De verwerende partij heeft het beoordelingsrapport onvoldoende gemotiveerd, aangezien geen verslag wordt gedaan van het onderhoud tussen verzoeker en zijn manager en de motivering ontoereikend is om te begrijpen waarom hij een lagere score heeft gekregen dan vorig jaar.

4.

Vierde middel, ontleend aan een kennelijke beoordelingsfout en het ontbreken van een eerlijke, objectieve en begrijpelijke beoordeling van verzoekers absolute prestaties — Schending van het beginsel van behoorlijk bestuur en niet-nakoming van de zorgplicht — Schending van de PM-richtsnoeren.

In de beoordeling door verzoekers manager, die is bevestigd door de General Counsel en het DG Personeelszaken, is geen rekening gehouden met alle factoren en deze beoordeling bevat kennelijke fouten.

5.

Vijfde middel, ontleend aan niet-nakoming van de motiveringsplicht en een kennelijk onjuiste beoordeling wat de herziening door zijn manager betreft en, met name, het ontbreken van bevordering naar een D-functie.
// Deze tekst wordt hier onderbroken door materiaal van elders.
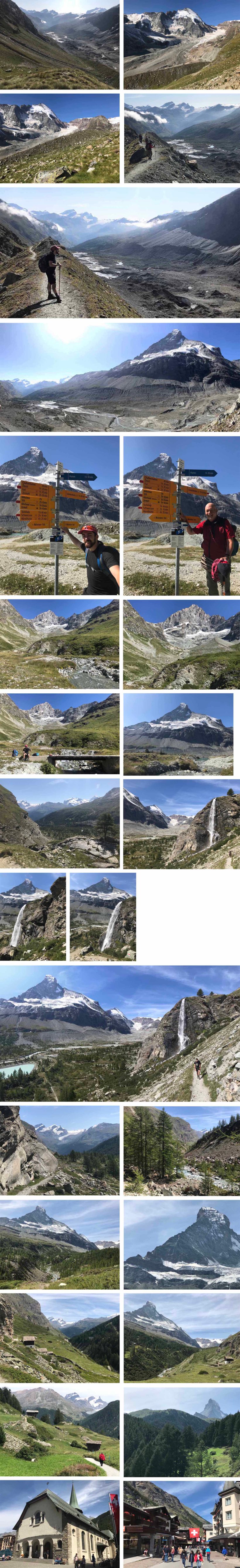 On our final day, as we made the long walk back to Zermatt via Zmut, above us we could see the Matterhorn’s entire Hornli Ridge in all its glory with the Hornli Hut at its base clearly visible. I had hiked to the Hornli Hut with my Filipino friends Ted and Tess and Thai friend Ampai in 2016 on my last visit to Zermatt.
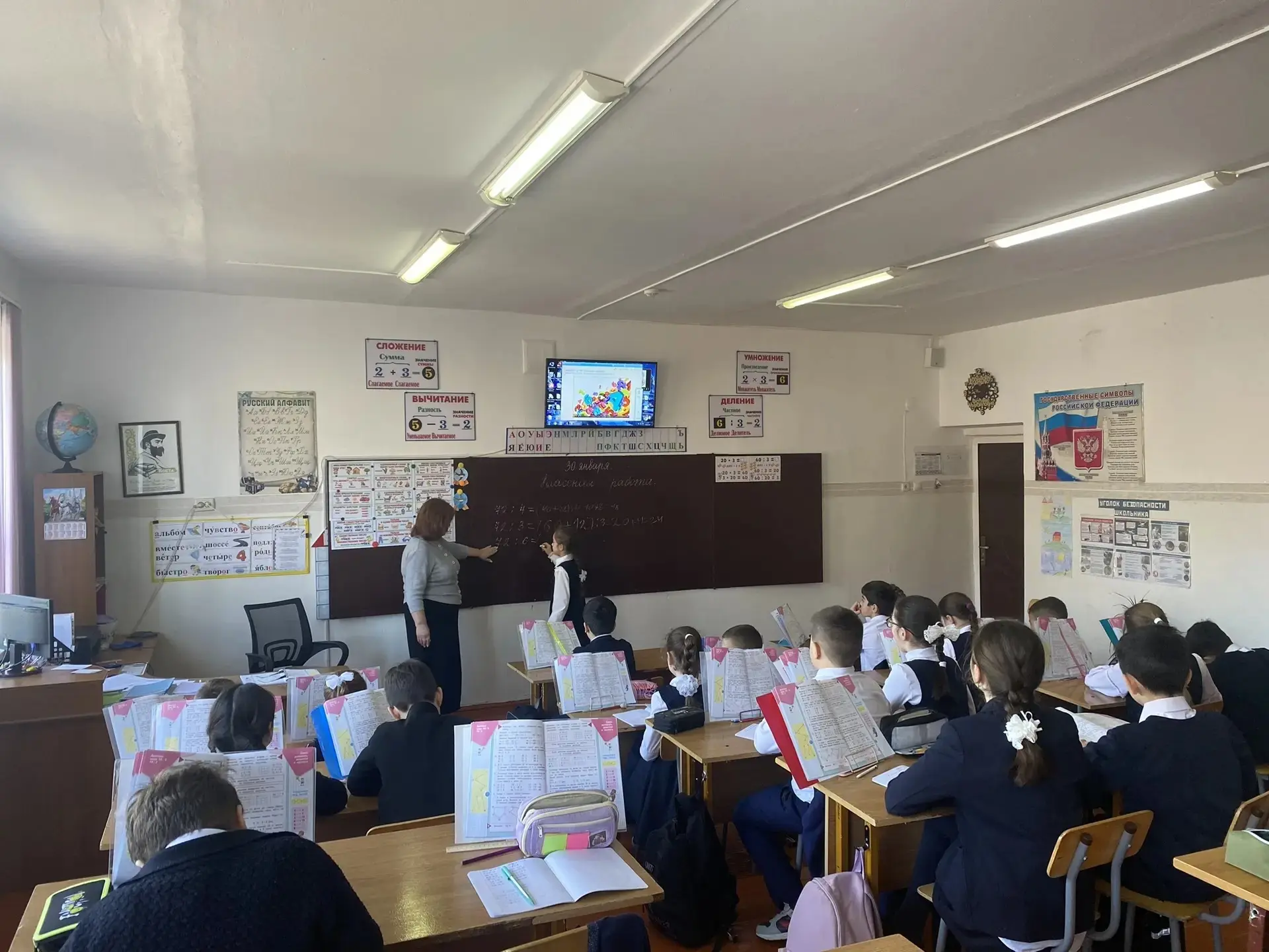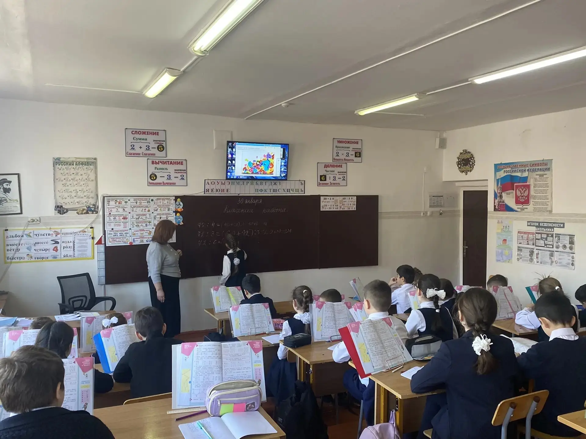 📅 30 января в рамках Недели математики в 3 «Д» классе под руководством Дсусовой Ф. М. прошёл открытый урок на тему: «Деление вида 69:3, 78:2» ➗🔢.
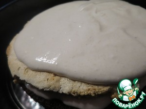 Агар-агар начинает застывать быстро, поэтому сразу же выложить массу на торт. Разровнять поверхность.
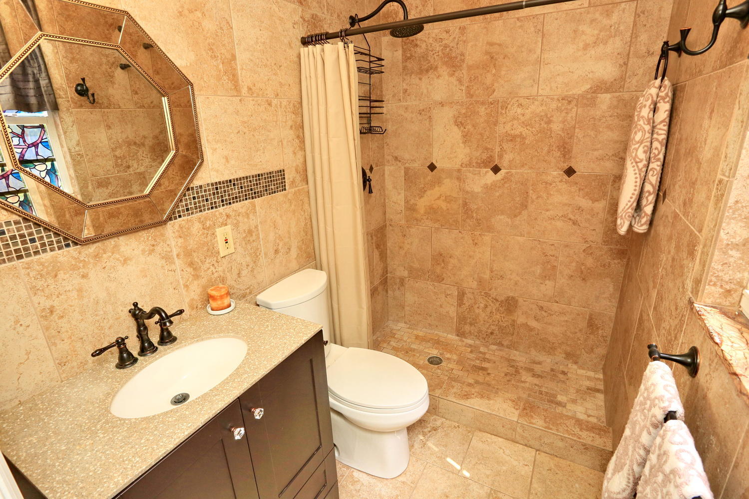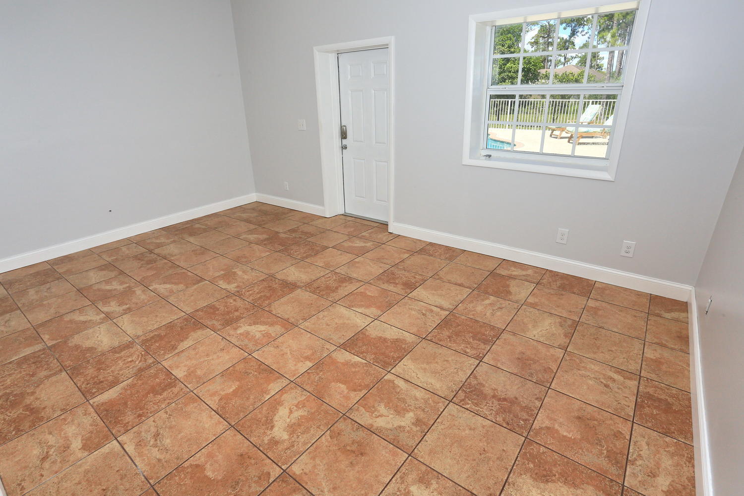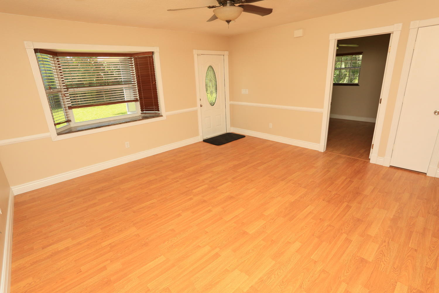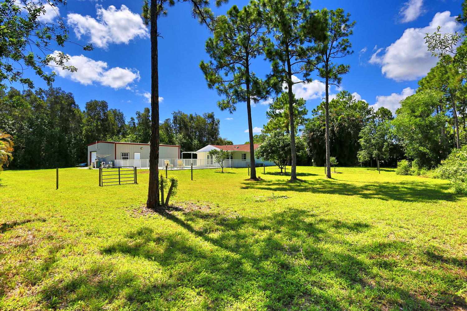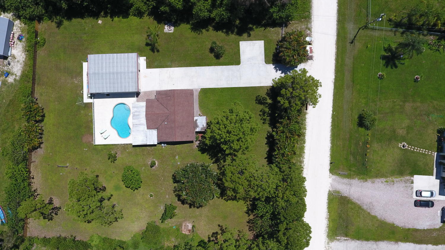 This charming home has been recently renovated, & has 3 bedrooms, 2 baths with a sparkling blue freeform pool! The kitchen has stainless steel appliances with a Chicago brick backsplash & island. There are numerous high hats, a large walk-in pantry/storage area, & there is laundry/utility room access. With wood laminate flooring throughout, the baths have ceramic tile. Exit the french doors to enjoy the relaxing covered patio & open brick paver deck. From here you can enter the detached cabana/pool room with full bath that could also be used as an office or even an art studio! The air conditioned cabana room is housed in the detached steel garage/building measuring 40' X 29', & 2 cars can park easily inside. There is industrial steel shelving, & a 3rd garage door entrance for a golf cart
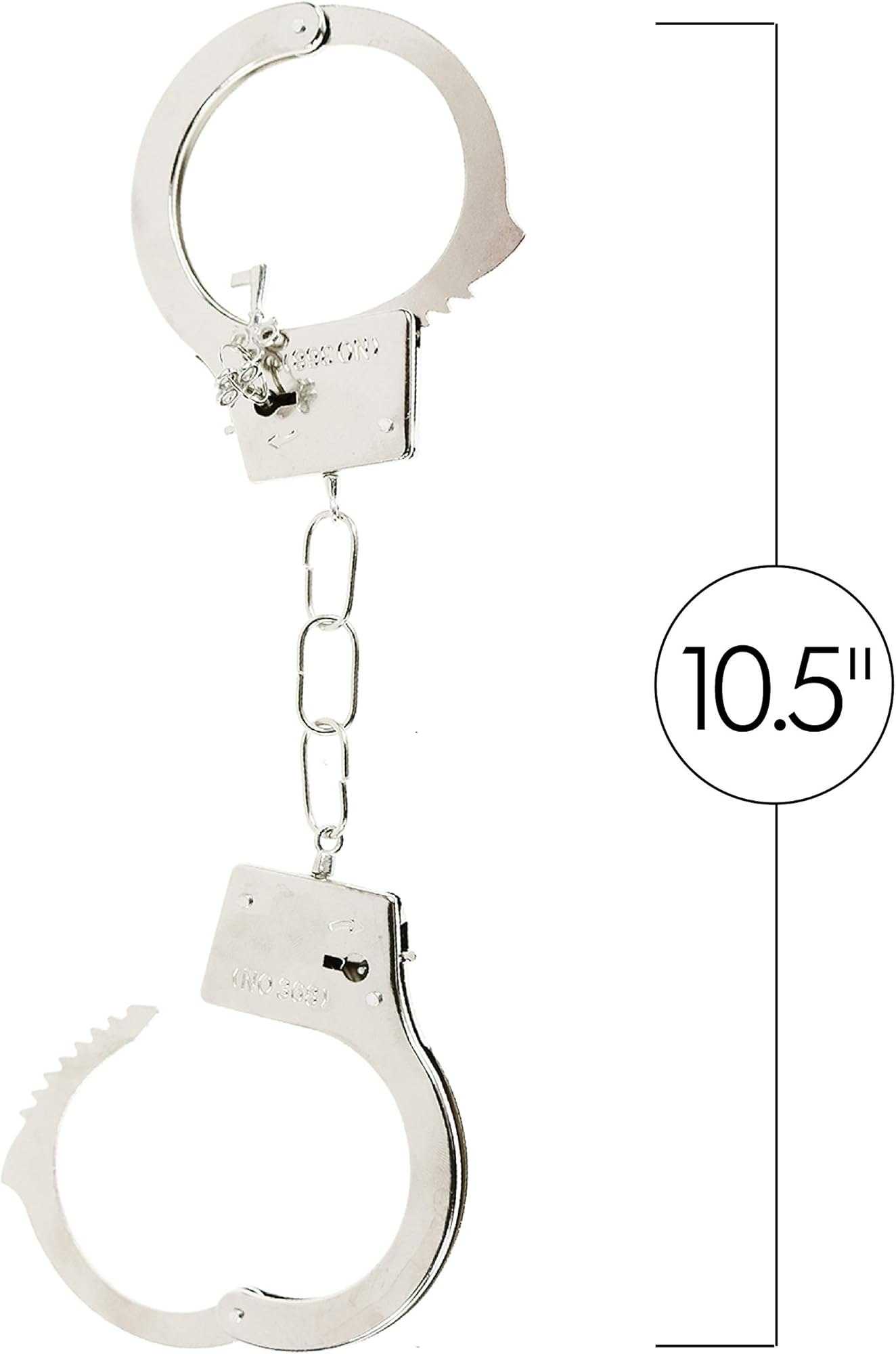 אזיקי מתכת עם מפתחות של Skeleteen - אביזרי תחפושת משטרת צעצוע ואביזרים - אזיקי שרשרת מתכת עם שחרור בטיחות ומפתח
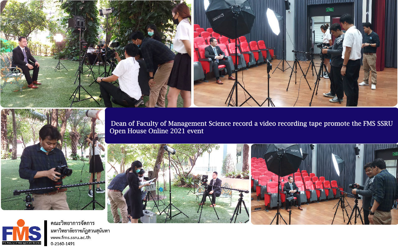 On March 24, 2021 Assistant Professor Dr. Somsak Klaysung, Dean of the Faculty of Management Science Suan Sunandha Rajabhat University Record a video recording tape. Public relations for the FMS SSRU Open House Online 2021 event was conducted by the media production team. Project Operators Operational control by Piti Manat Bunlue, Deputy Dean for Administration at the Faculty of Management Science. Suan Sunandha Rajabhat University.
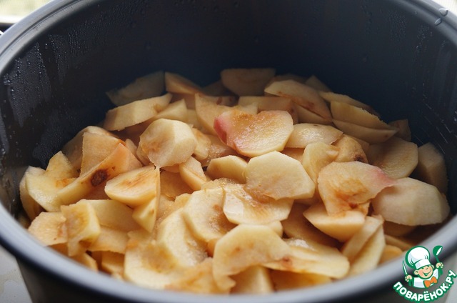 Яблоки моем, чистим и нарезаем произвольными дольками.
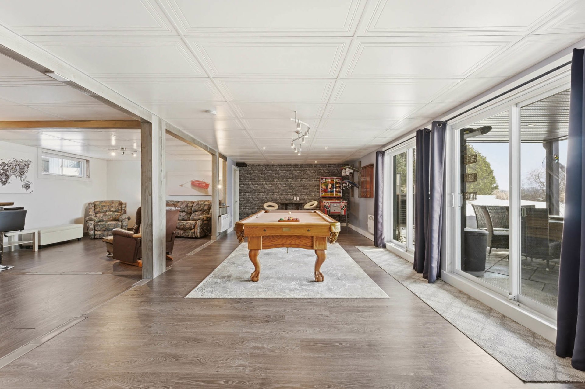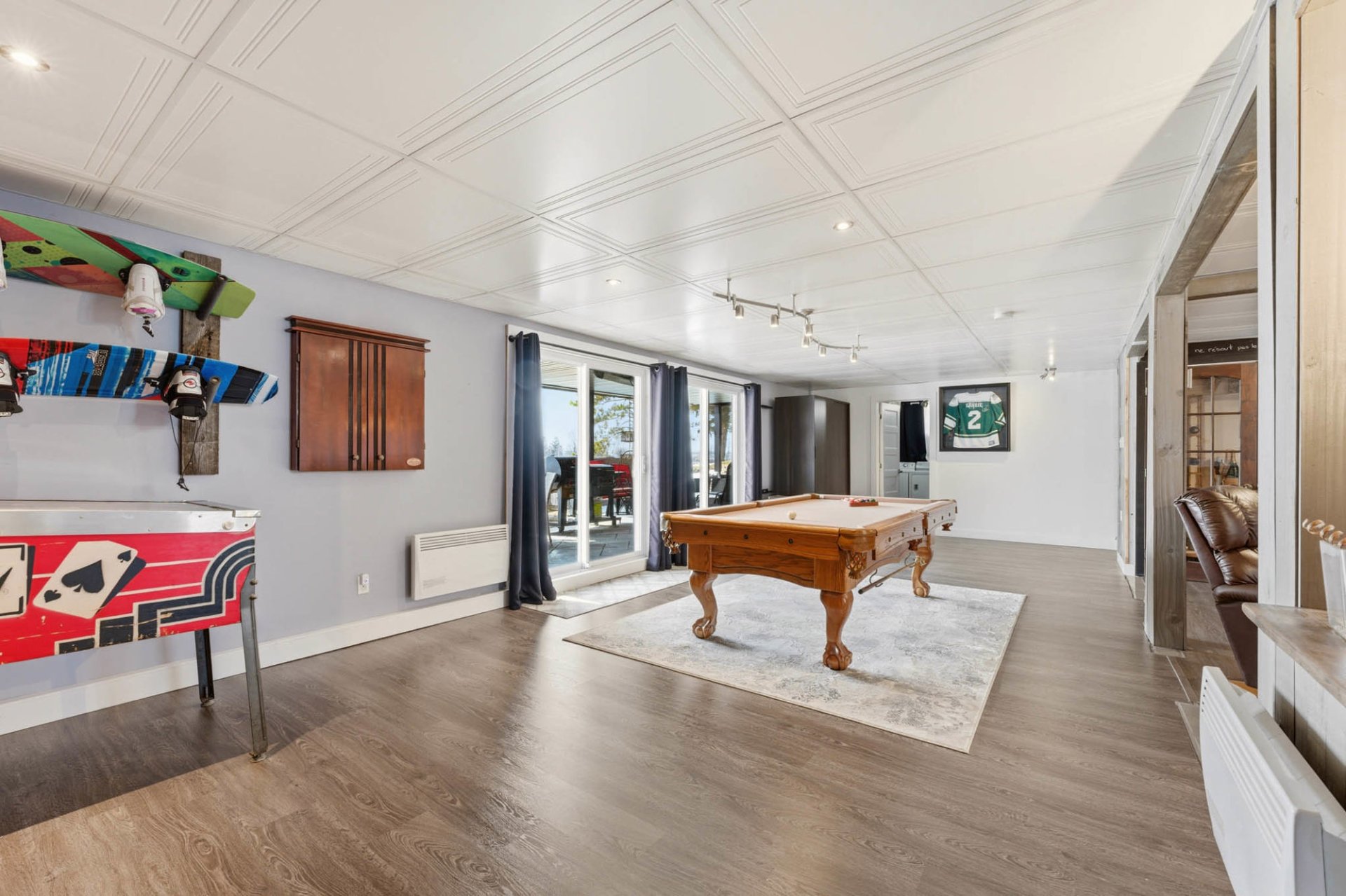 La grande aire ouverte du sous-sol vous propose un espace
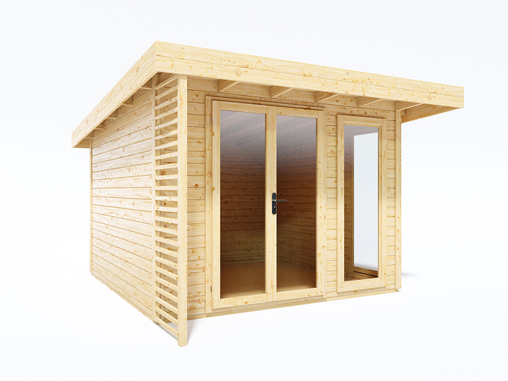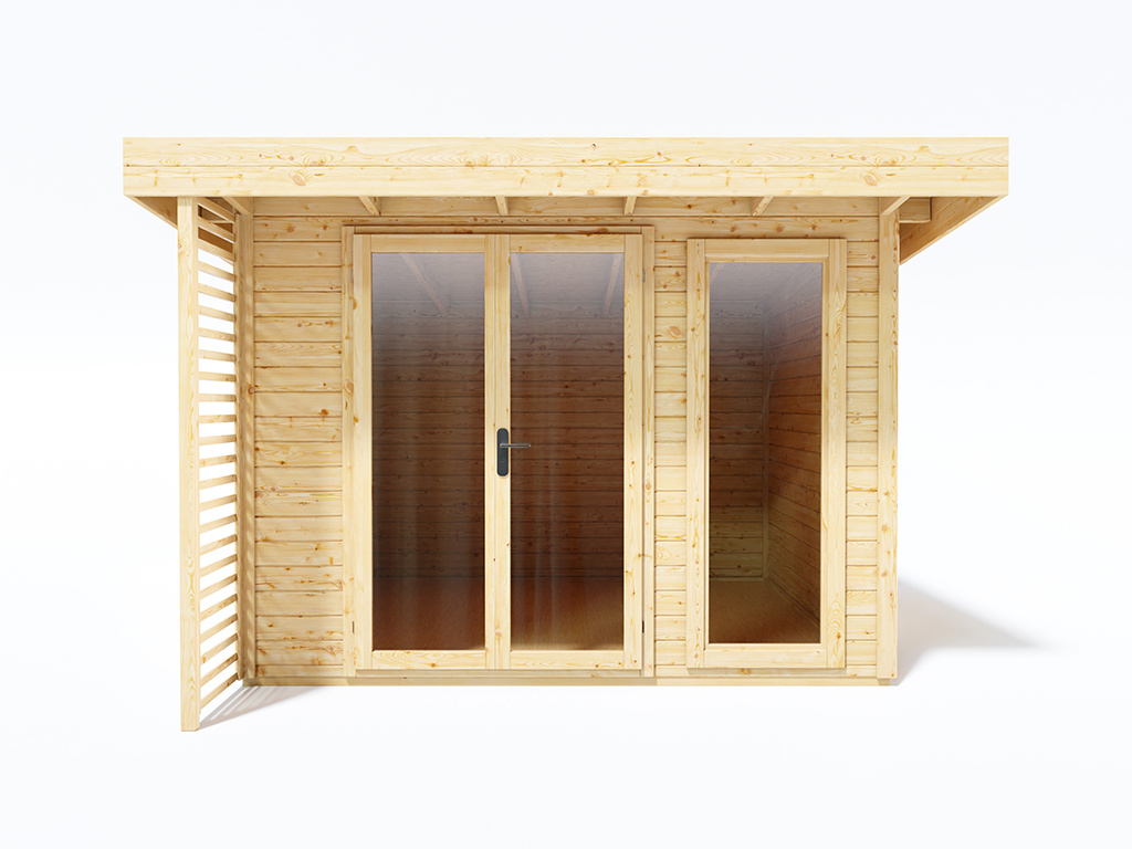 Tuinkantoor Arvo 28 mm naturel met 250 cm aanbouw Tuinkantoor Arvo 28 mm naturel met 250 cm aanbouw
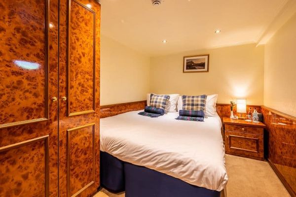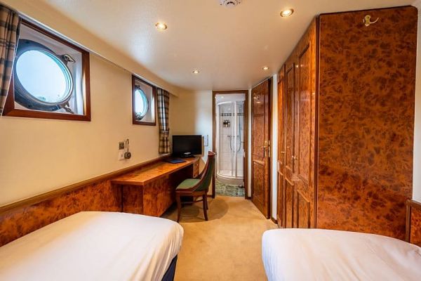 Accommodating up to 12 passengers in comfort, Spirit of Scotland’s interior features a bright and spacious saloon and dining area with picture windows, a separate bar, and an integral forward wheelhouse giving views of the cruise route ahead. The 6 air-conditioned cabins offer a choice of twin or double beds and are complemented by well designed en suite shower rooms.
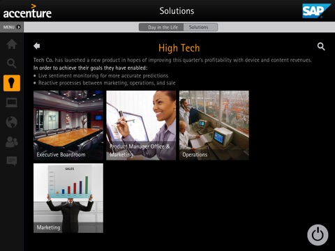 Accenture and SAP have a long history of innovating together. Our latest efforts extend across the global network of Accenture Innovation Centers for SAP Solutions, where we are building the next generation of advanced analytics, mobility, cloud and core ERP solutions with our clients. You can take a look at a comprehensive suite of technology framed in context of industry-specific Day-in-the-Life (DITL) scenarios as well as Solution Showcases.

Verzoeker voldeed aan alle voorwaarden voor bevordering, met name aangezien hij in zijn huidige functie goed heeft gepresteerd, hij in staat is om op een hoger niveau te werken, zoals zijn manager meermaals heeft bevestigd, en heeft aangetoond dat hij gemotiveerd is om op een hoger niveau te werken, in het bijzonder omdat hij steeds werkzaamheden heeft uitgeoefend die een hoger niveau van verantwoordelijkheid meebrengen. De verwerende partij heeft haar besluit om hem niet te bevorderen niet gemotiveerd. Die motivering kan evenmin worden afgeleid uit het besluit van de General Counsel of van het DG Personeelszaken.

6.

Zesde middel, ontleend aan schending van het recht om te worden gehoord.

De beoordeling over 2019 weerspiegelt niet het individuele beoordelingsgesprek en kwam als een volslagen verrassing.